TL;DR
ToolCUA is an end-to-end agent that learns optimal GUI-Tool path selection using a staged training paradigm, improving decision accuracy and execution efficiency in hybrid action spaces.
Contribution
It introduces a novel pipeline for synthesizing diverse GUI-Tool trajectories and a staged training approach combining supervised, reinforcement, and online learning.
Findings
Achieves 46.85% accuracy on OSWorld-MCP, a 66% improvement over baseline.
Improves GUI-only performance by 3.9%, showing effective GUI-Tool orchestration.
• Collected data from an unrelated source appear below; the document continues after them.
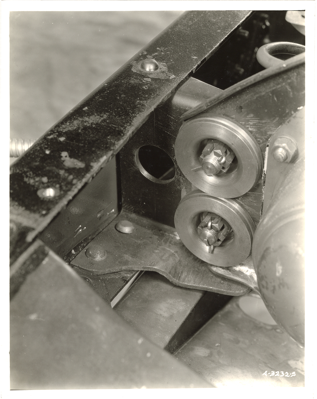 View of right front motor support for a 1932 Hudson car. Handwritten on back: "8/20/31. Hudson right front motor support, mounted in rubber."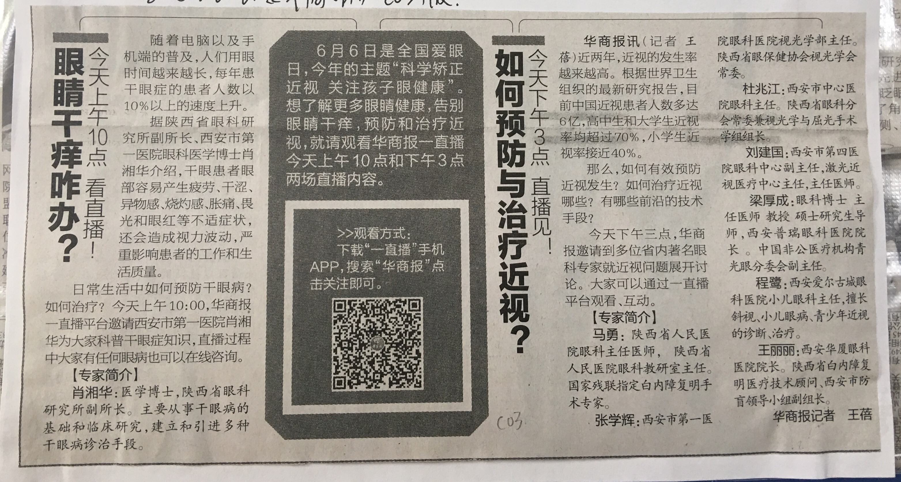 2018.6.6 《华商报》直播预告 眼睛干痒咋办?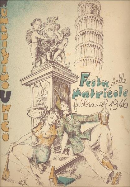 IN 4°, pp.20 + 4 c. in c. AZZURRA CON PUBBLICITA'. COPERTINA EDITORIALE ILLUSTRATA a col. CON TITOLO. NUMEROSE ILLUSTRAZIONI E VIGNETTE SATIRICHE NEL TESTO. NUMERO UNICO DELLA FESTA DELLE MATRICOLE DEL 1946 DELL'UNIVERSITA' DI PISA. OTTIMA CONSERVAZIONE DI QUESTO RARO NUMERO UNICO. ID, 6202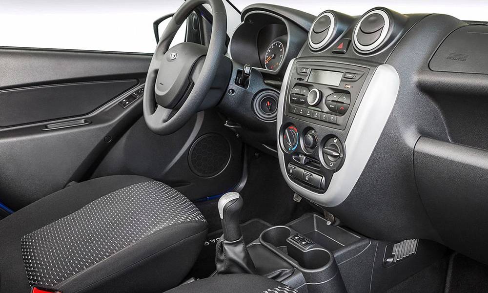 Простора в салоне много, сядут нормально пять человек (водитель и 4 пассажира), все-таки кузов от Калины седан, а там с простором все в порядке.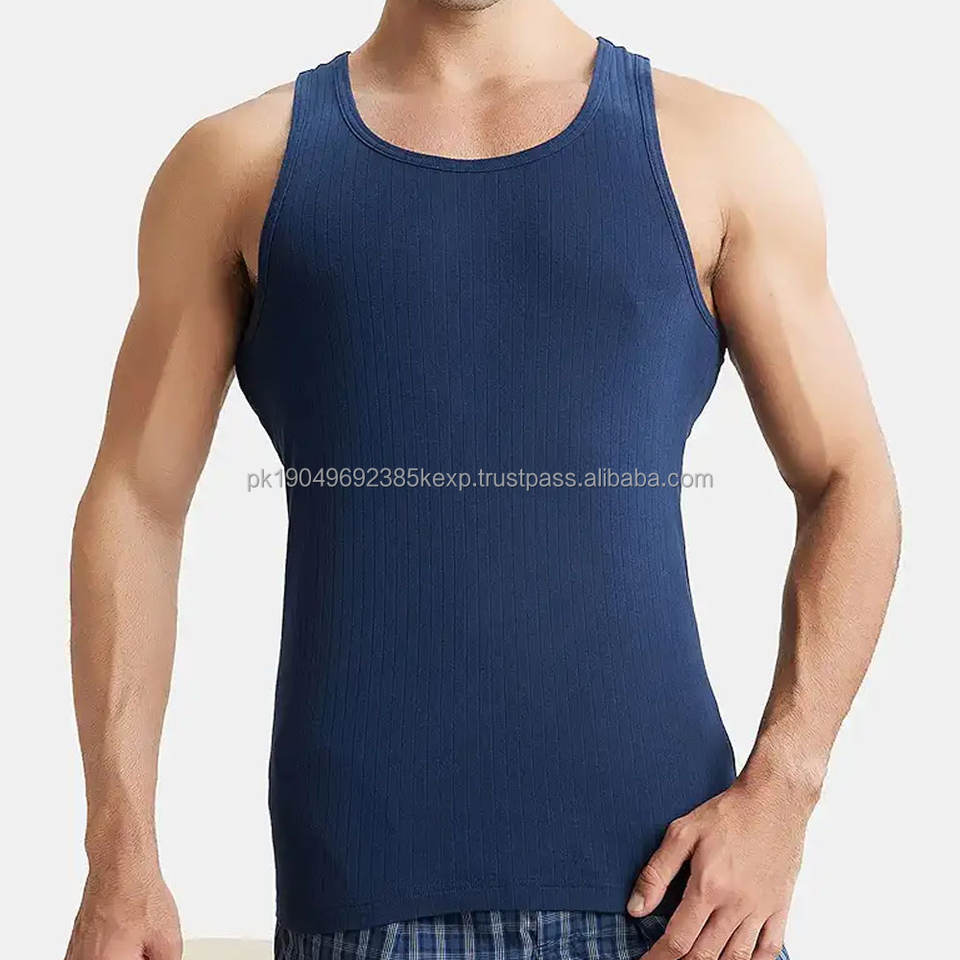 High Quality Fitness Bodybuilding Gym Tank Tops Wholesale Men's Singlet Casual Ribbed Cotton Elastic Knitted Vest

Demonstrates training in hybrid action spaces as a promising paradigm for digital agents.
Abstract
Computer Use Agents (CUAs) can act through both atomic GUI actions, such as click and type, and high-level tool calls, such as API-based file operations, but this hybrid action space often leaves them uncertain about when to continue with GUI actions or switch to tools, leading to suboptimal execution paths. This difficulty stems from the scarcity of high-quality interleaved GUI-Tool trajectories, the cost and brittleness of collecting real tool trajectories, and the lack of trajectory-level supervision for GUI-Tool path selection. In this paper, we propose ToolCUA, an end-to-end agent designed to learn optimal GUI-Tool path selection through a staged training paradigm. We first introduce an Interleaved GUI-Tool Trajectory Scaling Pipeline that repurposes abundant static GUI trajectories and synthesizes a grounded tool library, enabling diverse GUI-Tool trajectories without manual…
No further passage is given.